- Born: 11 February 1937 (age 88) Los Angeles, US
- Education: Hochschule der Künste, Berlin
- Occupations: Operatic coloratura soprano; Violinist; Musicologist; Academic voice teacher;
- Organizations: Deutsche Oper Berlin; Folkwang Hochschule;

= Catherine Gayer =

American singer opera soprano (born 1937)

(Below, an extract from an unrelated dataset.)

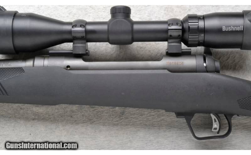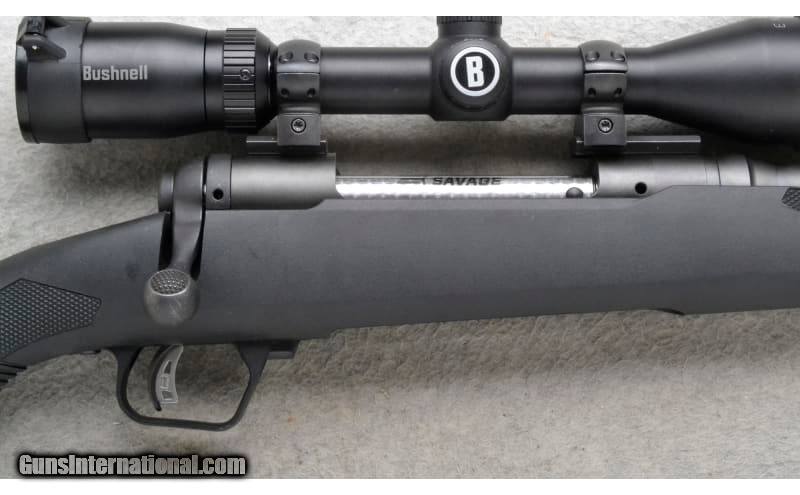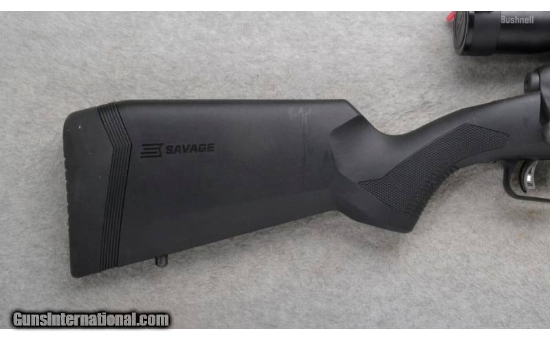 Description: This Savage Model 110 is a right hand bolt action rifle in .300 Win. Mag. Cal. It has a 24 inch barrel. It is outfitted with a Bushnell 3-9x40 Scope. The butt stock is a dual textured grip black polymer pistol grip. The forearm is a dual textured grip black polymer. It has the Savage AccuTrigger. A jeweled bolt and checkered bolt handle. .300 Winchester Magnum SOLD Chambers: Detachable magazine. Metal Condition: Excellent. Bore Condition: Excellent. Barrels: 24 inch. Triggers: Savage AccuTrigger. Stock Dimensions: LOP 13 inches. Fore End: Dual textured grip black polymer. Butt Pad: Black rubber recoil pad. Weight: 7 Lb. 14 Oz. Sights: Bushnell 3-9x40 Scope. Item Location: Richfield, WI |

Catherine Gayer (born 11 February 1937) is an American coloratura soprano, violinist, musicologist, and academic voice teacher. She made a career in Germany. A member of the Deutsche Oper Berlin for more than four decades, she is known for her performance in premieres of contemporary operas, such as Luigi Nono's Intolleranza 1960 at La Fenice in Venice, the title role in Aribert Reimann's Melusine at the Schwetzingen Festival, and Josef Tal's Die Versuchung at the Bavarian State Opera.

== Career ==
Born in Los Angeles, Gayer is of Finno-Ugric and native American ancestry. She studied voice, violin, and musicology in Los Angeles and moved to Germany on a Fulbright scholarship in the 1950s, studying at the Hochschule der Künste in Berlin with Irma Beilke. She is also a trained ballet dancer.

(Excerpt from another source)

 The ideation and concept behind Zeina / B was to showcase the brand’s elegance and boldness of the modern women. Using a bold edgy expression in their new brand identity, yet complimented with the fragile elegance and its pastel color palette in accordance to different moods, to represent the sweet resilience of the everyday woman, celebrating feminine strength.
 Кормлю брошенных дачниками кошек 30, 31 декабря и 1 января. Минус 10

On 13 April 1961, she performed the female lead role (Die Gefährtin) in the premiere of Luigi Nono's Intolleranza 1960 at La Fenice in Venice, and was afterwards engaged by Rudolf Sellner as a member of the ensemble of the Deutsche Oper Berlin. She appeared in Europe in classical repertory, and especially in contemporary opera, in roles such as Hilde Mack in Henze's Elegie für junge Liebende and Marie in Bernd Alois Zimmermann's Die Soldaten, staged by Hans Neuenfels. Several composers wrote roles for her voice, including Aribert Reimann, who wrote Melusine for her. She took part in several premieres of new operas. On 24 April 1963, she performed in the first scenic production of Darius Milhaud's trilogy L'Orestie d'Eschyle, which was also the premiere of its third part, at the Deutsche Oper Berlin. On 25 September 1965, she appeared in the premiere of Isang Yun's Der Traum des Liu-Tung at the Akademie der Künste in Berlin, conducted by Ulrich Weder, with Barry McDaniel in the title role. On 29 September 1968, she performed in Luigi Dallapiccola's Ulisse at the Deutsche Oper Berlin, conducted by Lorin Maazel. On 19 April 1971, she sang the title role in Reimann's Melusine at the Schwetzingen Festival, conducted by Reinhard Peters. On 26 July 1976, she appeared in Josef Tal's Die Versuchung (The Temptation) at the Bavarian State Opera, conducted by Gary Bertini. She also sang roles in the classical repertory, including Monteverdi's L'incoronazione di Poppea. She appeared as Berg's Lulu at several opera houses.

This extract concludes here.